- [Directions for this task] Search the records below for the word "arrastra", then return every line where it appears.

(Exercise input)

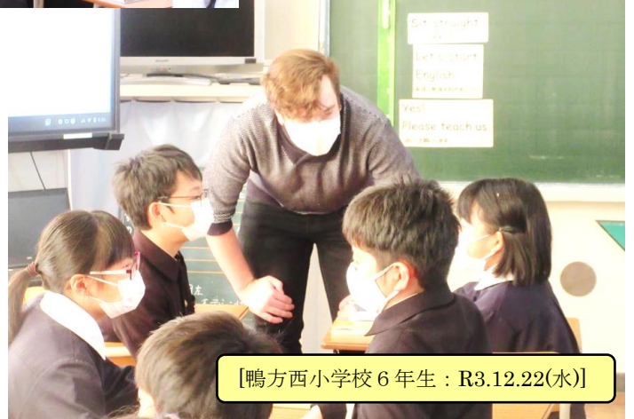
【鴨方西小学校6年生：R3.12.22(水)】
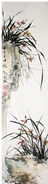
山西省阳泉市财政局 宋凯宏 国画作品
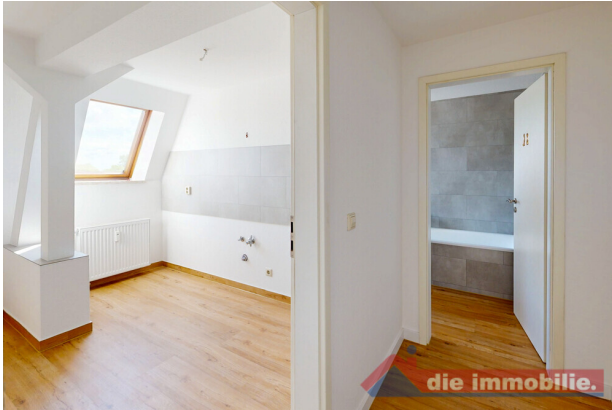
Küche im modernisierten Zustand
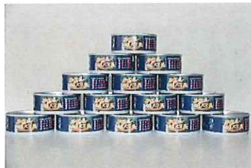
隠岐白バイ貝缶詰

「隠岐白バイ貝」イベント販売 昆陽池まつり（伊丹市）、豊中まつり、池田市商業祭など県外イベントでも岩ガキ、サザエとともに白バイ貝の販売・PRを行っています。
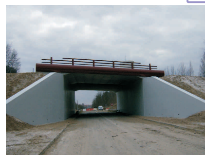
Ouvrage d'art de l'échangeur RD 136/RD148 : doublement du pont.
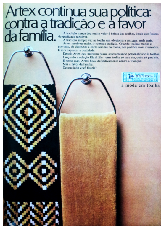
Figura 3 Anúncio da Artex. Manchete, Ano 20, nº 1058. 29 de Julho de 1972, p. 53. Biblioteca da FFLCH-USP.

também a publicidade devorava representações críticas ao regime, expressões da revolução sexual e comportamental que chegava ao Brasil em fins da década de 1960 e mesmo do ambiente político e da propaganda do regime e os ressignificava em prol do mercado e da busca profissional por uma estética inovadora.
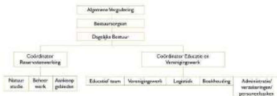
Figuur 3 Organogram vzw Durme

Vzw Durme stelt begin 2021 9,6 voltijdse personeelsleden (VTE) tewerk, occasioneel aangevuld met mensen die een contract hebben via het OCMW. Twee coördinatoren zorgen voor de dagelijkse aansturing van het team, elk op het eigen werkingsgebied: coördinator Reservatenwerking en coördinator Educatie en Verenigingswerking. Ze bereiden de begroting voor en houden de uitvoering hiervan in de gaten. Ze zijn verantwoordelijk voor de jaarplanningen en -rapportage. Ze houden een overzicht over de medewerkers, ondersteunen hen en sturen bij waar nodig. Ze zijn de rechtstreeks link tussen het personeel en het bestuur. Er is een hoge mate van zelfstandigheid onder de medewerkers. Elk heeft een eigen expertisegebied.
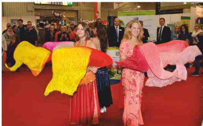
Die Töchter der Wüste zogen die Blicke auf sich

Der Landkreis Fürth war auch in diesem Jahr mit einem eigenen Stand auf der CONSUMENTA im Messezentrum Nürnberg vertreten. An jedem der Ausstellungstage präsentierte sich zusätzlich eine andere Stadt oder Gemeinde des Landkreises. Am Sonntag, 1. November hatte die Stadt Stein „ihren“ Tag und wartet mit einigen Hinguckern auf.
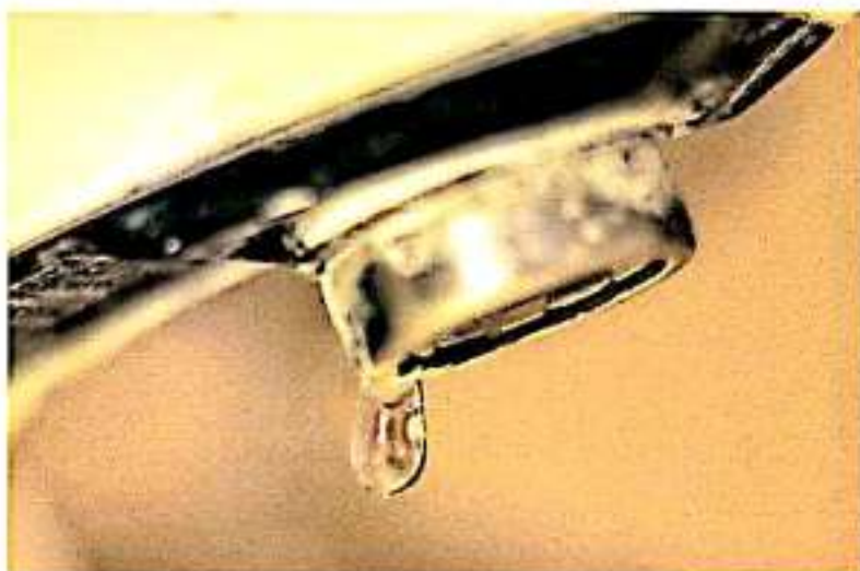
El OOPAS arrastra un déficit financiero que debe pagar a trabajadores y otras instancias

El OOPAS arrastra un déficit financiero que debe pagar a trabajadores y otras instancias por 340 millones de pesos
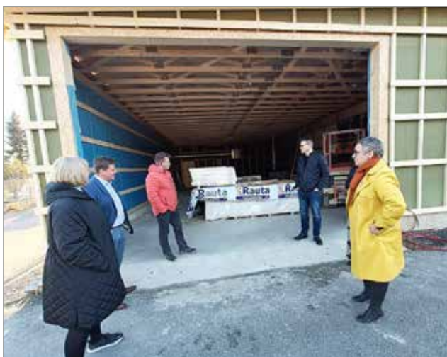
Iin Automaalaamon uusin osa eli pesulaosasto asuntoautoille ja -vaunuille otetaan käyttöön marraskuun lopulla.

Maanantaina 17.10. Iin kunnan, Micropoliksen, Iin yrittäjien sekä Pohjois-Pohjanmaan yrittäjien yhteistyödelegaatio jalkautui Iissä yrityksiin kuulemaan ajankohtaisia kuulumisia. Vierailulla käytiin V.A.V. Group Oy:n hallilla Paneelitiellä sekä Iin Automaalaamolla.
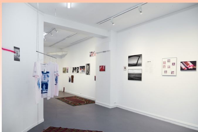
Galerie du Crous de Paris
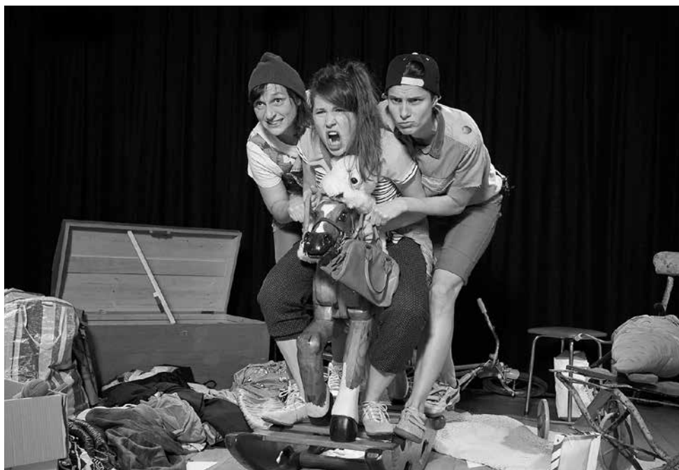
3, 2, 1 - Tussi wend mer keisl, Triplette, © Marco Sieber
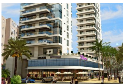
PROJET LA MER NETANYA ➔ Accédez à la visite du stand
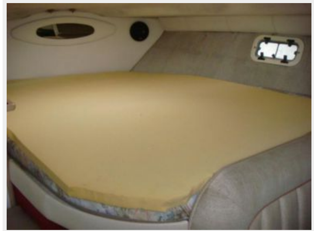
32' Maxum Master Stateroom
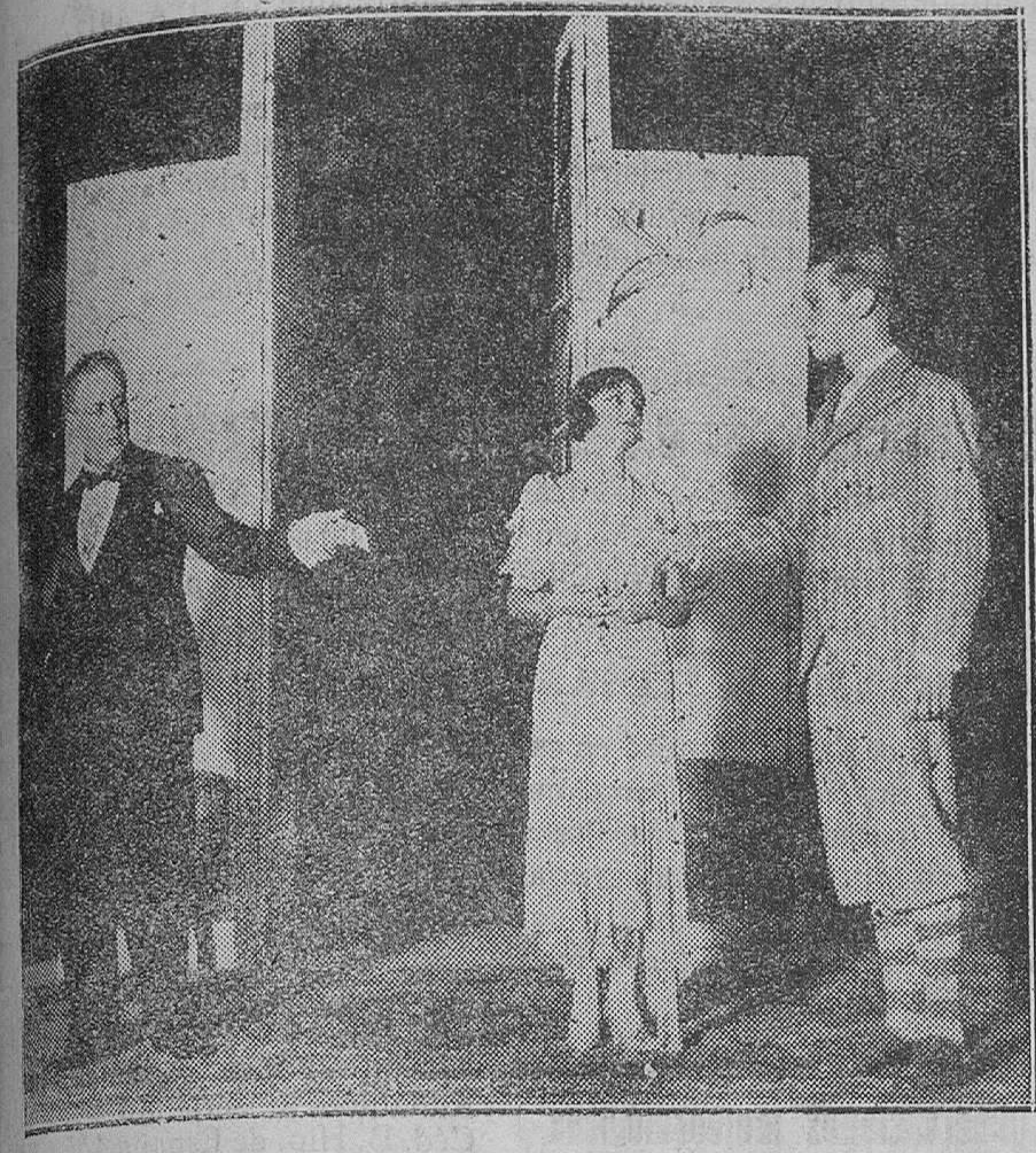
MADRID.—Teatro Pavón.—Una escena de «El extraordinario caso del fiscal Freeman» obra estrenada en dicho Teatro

(End Exercise input)

- [Exercise solution]
El OOPAS arrastra un déficit financiero que debe pagar a trabajadores y otras instancias
El OOPAS arrastra un déficit financiero que debe pagar a trabajadores y otras instancias por 340 millones de pesos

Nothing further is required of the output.